## Prompt:
Once you reach the line with "4pcs Hair Dye" in the material below, copy each line exactly up to and including the line with "在1号楼317会议室举行了简", and skip the pictures.

## Extracted records:
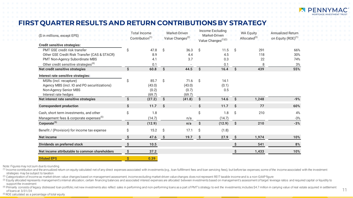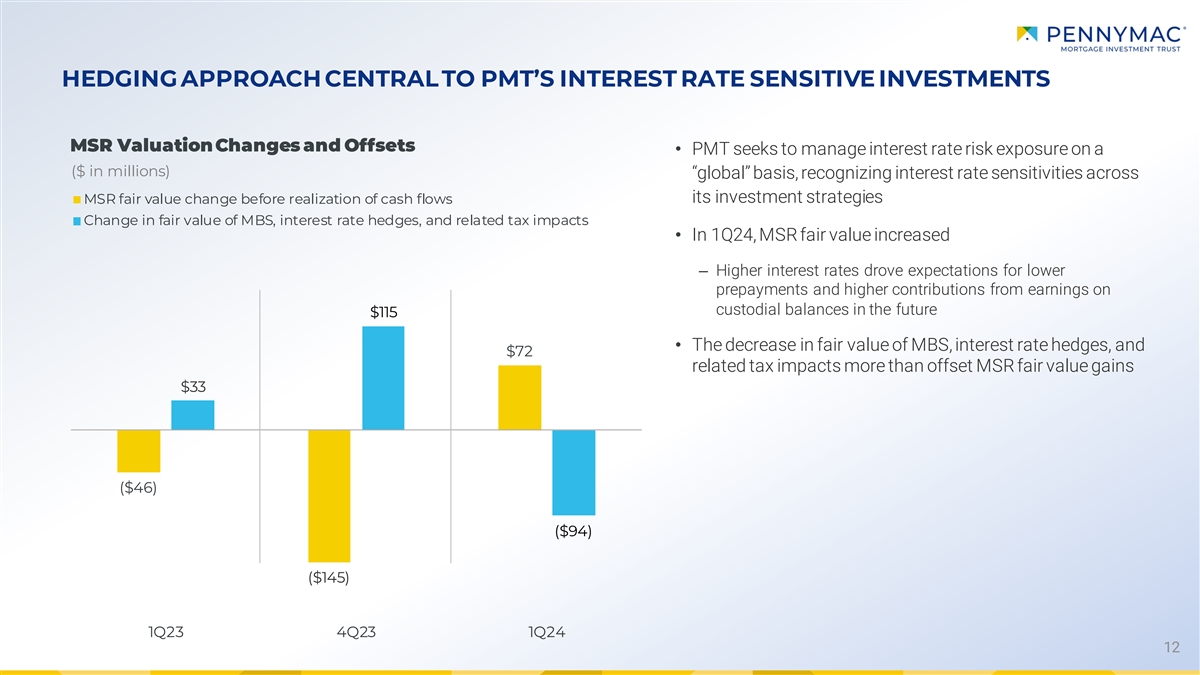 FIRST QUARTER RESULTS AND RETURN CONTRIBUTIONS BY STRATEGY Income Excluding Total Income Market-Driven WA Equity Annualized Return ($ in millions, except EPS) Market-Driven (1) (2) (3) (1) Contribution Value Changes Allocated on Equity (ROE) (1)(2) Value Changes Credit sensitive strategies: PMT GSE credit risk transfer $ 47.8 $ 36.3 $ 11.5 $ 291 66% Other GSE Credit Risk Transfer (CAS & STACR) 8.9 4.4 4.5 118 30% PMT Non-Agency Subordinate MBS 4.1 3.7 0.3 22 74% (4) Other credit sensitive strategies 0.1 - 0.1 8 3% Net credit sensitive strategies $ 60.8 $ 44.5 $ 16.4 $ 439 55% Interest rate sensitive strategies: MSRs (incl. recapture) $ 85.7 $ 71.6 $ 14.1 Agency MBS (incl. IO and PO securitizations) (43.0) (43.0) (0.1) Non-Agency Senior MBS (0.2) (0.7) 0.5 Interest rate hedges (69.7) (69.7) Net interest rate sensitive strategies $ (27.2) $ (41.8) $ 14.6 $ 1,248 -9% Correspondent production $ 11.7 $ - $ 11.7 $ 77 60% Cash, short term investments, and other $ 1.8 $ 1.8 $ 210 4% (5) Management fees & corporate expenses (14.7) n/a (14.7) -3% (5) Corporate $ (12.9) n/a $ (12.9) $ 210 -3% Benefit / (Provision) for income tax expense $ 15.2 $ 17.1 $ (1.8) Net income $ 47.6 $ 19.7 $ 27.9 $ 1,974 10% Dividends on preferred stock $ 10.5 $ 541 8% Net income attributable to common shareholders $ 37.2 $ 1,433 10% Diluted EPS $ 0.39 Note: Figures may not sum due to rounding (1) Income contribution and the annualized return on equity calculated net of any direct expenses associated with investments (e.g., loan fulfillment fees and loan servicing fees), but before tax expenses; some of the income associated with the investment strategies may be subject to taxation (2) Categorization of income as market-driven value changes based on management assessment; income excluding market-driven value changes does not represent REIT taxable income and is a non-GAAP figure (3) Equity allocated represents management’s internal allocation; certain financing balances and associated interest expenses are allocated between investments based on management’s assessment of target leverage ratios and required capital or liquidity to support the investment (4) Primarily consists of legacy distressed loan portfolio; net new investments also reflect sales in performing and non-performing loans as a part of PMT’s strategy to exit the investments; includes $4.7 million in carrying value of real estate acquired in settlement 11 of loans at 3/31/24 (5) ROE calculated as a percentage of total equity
---
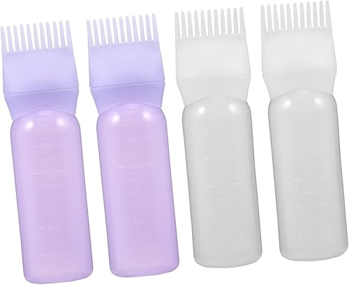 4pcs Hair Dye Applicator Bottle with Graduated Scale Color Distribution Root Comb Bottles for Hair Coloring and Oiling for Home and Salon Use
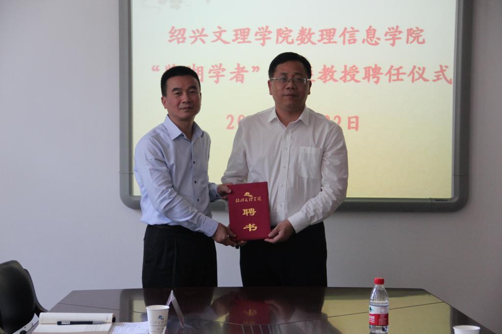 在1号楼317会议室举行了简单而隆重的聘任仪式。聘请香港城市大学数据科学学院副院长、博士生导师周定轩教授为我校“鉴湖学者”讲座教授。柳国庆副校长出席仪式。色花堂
...
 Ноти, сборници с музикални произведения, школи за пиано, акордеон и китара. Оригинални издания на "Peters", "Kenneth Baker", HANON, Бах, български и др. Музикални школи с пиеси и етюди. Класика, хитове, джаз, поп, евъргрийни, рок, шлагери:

## Answer below:
 4pcs Hair Dye Applicator Bottle with Graduated Scale Color Distribution Root Comb Bottles for Hair Coloring and Oiling for Home and Salon Use
 在1号楼317会议室举行了简单而隆重的聘任仪式。聘请香港城市大学数据科学学院副院长、博士生导师周定轩教授为我校“鉴湖学者”讲座教授。柳国庆副校长出席仪式。色花堂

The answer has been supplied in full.